The World Health Summit 2022 – health for all

Last week, I attended the World Health Summit in Berlin together with several KI colleagues. This year’s summit had the tagline Health for All is the Goal, which perfectly aligns with our vision here at KI; to strive towards a better health for all.

The small and quotidian word “all” is the one-word distillation of what amounts to one of the major challenges of our time: to safeguard health across geographical and generational boundaries, and across socio-economic strata. The pandemic unveiled and exacerbated extant inequities in health and told us in no uncertain terms that these inequities impact us all. We are all interconnected. The unequal access to vaccines and medicines is a case in point.  

Our international academic networks served us well during the COVID-19 pandemic. Faced with a global crisis we were eager to share, and our mindset shifted from competition to cooperation. We saw the value in being part of a global academic community. The World Health Summit is a venue for bolstering international collaboration and for forging new cooperative links that could prove invaluable when a new health crisis hits.

The World Health Summit is an annual strategic forum that gathers a multitude of actors and stakeholders, from academia to business, government, and civil society. It was held this year for the eighth time. The focus this year was very much on pandemic preparedness, and understandably so. But the health challenges we face today go way beyond the threat of a new pandemic. The Summit sessions left no doubt: we are entering an era with a number of parallel crises that impact health: poverty, conflicts, environmental challenges, pollution, loss of biodiversity, antimicrobial resistance. And climate change, not least. We must ask: are we attentive enough to the need for mitigation and adaptation, and are our plans and actions commensurate to the scale of the challenges ahead? These questions were very much in evidence under one of the Summit sessions, led by KI professor Stefan Swartling Peterson. What is for sure is that our health increasingly will be impacted by the environment and the world around us. As a medical university we have to adjust and respond.

M8 Alliance, Sustainable Health for People and Planet, One Voice for a European Global Health, and delivering the Promise of Gene Therapy

Together with my colleagues I started the summit with a meeting the evening before its official opening, with the M8 Alliance. The M8 Alliance, of which KI is a member, is the academic backbone of the World Health Summit. Members of the M8 Alliance work together on a range of issues and we organise Expert Meetings on current topics to set the agenda for health improvement. It is a forceful collaborative network that enables us to use our academic voice and our shared knowledge and competence in discussing and issuing recommendations on global health matters.
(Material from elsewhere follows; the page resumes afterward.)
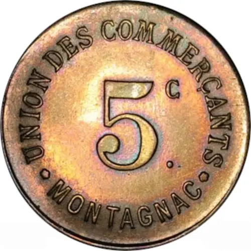 | Obverse lettering | UNION DES COMMERÇANTS 5c. * MONTAGNAC * |

The Summit then kicked off with the above-mentioned session Sustainable Health for People and Planet, which focused on the interconnectedness between human and planetary health. Across the globe, climate change and ecosystem degradation are increasing in scale and intensity, thus posing a threat to human health and well-being. Action is needed to change this trajectory.

The workshop One Voice for a European Global Health and One Health Strategy was another well-attended event that I was part of during the summit. It links perfectly with the conference Convergence on Global Health – Our Common Future, A discussion on the new EU global health strategy that KI is hosting on the 9th of February next year. The overarching theme of both events is the changing role of the EU as a global health actor. How shall we join forces for better health and preparedness within Europe, with due recognition of and attention to the health challenges in the world beyond? This was also a question that was brought up under the side event Building a European Health Union: Taking Responsibility for Global Health. 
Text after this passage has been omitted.